● **Records shown**:

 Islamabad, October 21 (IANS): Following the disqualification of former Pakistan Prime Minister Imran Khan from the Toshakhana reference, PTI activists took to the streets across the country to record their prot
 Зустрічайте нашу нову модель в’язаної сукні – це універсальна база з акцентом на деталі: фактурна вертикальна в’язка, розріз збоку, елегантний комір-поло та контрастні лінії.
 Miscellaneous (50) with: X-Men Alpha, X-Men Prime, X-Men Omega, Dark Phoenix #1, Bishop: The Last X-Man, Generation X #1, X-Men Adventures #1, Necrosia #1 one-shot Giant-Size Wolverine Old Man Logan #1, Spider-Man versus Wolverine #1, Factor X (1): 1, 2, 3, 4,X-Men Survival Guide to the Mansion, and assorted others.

--

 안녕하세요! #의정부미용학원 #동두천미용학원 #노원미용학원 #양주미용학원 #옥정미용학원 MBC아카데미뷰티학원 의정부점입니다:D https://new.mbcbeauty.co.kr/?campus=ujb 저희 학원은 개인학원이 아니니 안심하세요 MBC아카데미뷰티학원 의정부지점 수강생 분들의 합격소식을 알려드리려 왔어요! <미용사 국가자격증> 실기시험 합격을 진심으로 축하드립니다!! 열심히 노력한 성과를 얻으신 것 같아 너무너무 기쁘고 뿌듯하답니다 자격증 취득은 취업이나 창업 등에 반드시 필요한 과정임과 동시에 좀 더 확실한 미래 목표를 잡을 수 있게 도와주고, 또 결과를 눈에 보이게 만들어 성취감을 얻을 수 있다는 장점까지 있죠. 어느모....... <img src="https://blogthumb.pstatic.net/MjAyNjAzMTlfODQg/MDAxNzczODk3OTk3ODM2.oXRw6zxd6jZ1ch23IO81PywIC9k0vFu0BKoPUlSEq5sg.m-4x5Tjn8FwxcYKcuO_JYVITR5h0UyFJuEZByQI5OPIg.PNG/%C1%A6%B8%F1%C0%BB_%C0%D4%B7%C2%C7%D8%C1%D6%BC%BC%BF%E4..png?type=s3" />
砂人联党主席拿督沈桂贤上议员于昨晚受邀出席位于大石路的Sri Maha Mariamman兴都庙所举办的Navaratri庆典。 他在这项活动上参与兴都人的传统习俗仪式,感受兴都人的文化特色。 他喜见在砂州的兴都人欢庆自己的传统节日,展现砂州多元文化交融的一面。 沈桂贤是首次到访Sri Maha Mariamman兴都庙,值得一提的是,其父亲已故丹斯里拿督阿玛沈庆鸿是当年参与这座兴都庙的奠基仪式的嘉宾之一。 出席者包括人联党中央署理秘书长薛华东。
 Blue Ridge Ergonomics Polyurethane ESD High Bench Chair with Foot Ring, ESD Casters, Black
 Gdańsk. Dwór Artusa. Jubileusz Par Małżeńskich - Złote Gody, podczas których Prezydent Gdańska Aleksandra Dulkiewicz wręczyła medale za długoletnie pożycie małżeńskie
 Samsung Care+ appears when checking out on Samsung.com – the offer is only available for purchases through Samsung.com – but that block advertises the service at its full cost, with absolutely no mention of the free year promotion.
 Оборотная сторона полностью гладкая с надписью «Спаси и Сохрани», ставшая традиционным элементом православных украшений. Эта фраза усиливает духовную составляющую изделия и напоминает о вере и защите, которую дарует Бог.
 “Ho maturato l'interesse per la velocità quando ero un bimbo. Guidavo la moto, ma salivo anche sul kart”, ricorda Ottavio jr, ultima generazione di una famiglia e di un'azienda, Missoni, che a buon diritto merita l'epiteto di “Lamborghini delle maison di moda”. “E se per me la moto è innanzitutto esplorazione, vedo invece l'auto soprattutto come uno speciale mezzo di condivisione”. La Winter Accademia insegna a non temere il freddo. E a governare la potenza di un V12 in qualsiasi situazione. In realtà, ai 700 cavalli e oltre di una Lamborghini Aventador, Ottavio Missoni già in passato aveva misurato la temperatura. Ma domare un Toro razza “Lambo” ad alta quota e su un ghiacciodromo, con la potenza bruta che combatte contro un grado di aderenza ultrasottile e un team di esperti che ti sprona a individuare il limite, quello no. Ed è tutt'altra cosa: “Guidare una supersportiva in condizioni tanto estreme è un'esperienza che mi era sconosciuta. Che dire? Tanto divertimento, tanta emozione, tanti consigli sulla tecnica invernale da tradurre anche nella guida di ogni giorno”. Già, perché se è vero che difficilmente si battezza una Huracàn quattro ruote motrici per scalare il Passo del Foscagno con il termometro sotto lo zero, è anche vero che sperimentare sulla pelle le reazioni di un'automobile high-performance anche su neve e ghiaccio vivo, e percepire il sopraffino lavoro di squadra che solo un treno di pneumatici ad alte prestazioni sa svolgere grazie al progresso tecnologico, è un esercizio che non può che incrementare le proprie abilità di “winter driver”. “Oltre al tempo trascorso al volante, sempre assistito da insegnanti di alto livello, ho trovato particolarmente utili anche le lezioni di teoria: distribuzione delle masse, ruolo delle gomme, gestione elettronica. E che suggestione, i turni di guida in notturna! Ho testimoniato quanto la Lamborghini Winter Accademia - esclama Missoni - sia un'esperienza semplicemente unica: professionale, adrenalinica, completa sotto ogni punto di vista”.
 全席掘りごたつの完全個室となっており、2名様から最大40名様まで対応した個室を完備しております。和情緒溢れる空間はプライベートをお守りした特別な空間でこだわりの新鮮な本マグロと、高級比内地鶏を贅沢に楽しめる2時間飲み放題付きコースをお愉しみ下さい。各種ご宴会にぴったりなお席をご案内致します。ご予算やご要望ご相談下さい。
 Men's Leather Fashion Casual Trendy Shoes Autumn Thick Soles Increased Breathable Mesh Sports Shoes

● **Exercise goal**:
Repeat, character for character, the lines of the material above from the line with "안녕하세요! #의정부미용학원 #동두천미용학원" through the line with "Оборотная сторона полностью".

● **Output for this task**:
 안녕하세요! #의정부미용학원 #동두천미용학원 #노원미용학원 #양주미용학원 #옥정미용학원 MBC아카데미뷰티학원 의정부점입니다:D https://new.mbcbeauty.co.kr/?campus=ujb 저희 학원은 개인학원이 아니니 안심하세요 MBC아카데미뷰티학원 의정부지점 수강생 분들의 합격소식을 알려드리려 왔어요! <미용사 국가자격증> 실기시험 합격을 진심으로 축하드립니다!! 열심히 노력한 성과를 얻으신 것 같아 너무너무 기쁘고 뿌듯하답니다 자격증 취득은 취업이나 창업 등에 반드시 필요한 과정임과 동시에 좀 더 확실한 미래 목표를 잡을 수 있게 도와주고, 또 결과를 눈에 보이게 만들어 성취감을 얻을 수 있다는 장점까지 있죠. 어느모....... <img src="https://blogthumb.pstatic.net/MjAyNjAzMTlfODQg/MDAxNzczODk3OTk3ODM2.oXRw6zxd6jZ1ch23IO81PywIC9k0vFu0BKoPUlSEq5sg.m-4x5Tjn8FwxcYKcuO_JYVITR5h0UyFJuEZByQI5OPIg.PNG/%C1%A6%B8%F1%C0%BB_%C0%D4%B7%C2%C7%D8%C1%D6%BC%BC%BF%E4..png?type=s3" />
砂人联党主席拿督沈桂贤上议员于昨晚受邀出席位于大石路的Sri Maha Mariamman兴都庙所举办的Navaratri庆典。 他在这项活动上参与兴都人的传统习俗仪式,感受兴都人的文化特色。 他喜见在砂州的兴都人欢庆自己的传统节日,展现砂州多元文化交融的一面。 沈桂贤是首次到访Sri Maha Mariamman兴都庙,值得一提的是,其父亲已故丹斯里拿督阿玛沈庆鸿是当年参与这座兴都庙的奠基仪式的嘉宾之一。 出席者包括人联党中央署理秘书长薛华东。
 Blue Ridge Ergonomics Polyurethane ESD High Bench Chair with Foot Ring, ESD Casters, Black
 Gdańsk. Dwór Artusa. Jubileusz Par Małżeńskich - Złote Gody, podczas których Prezydent Gdańska Aleksandra Dulkiewicz wręczyła medale za długoletnie pożycie małżeńskie
 Samsung Care+ appears when checking out on Samsung.com – the offer is only available for purchases through Samsung.com – but that block advertises the service at its full cost, with absolutely no mention of the free year promotion.
 Оборотная сторона полностью гладкая с надписью «Спаси и Сохрани», ставшая традиционным элементом православных украшений. Эта фраза усиливает духовную составляющую изделия и напоминает о вере и защите, которую дарует Бог.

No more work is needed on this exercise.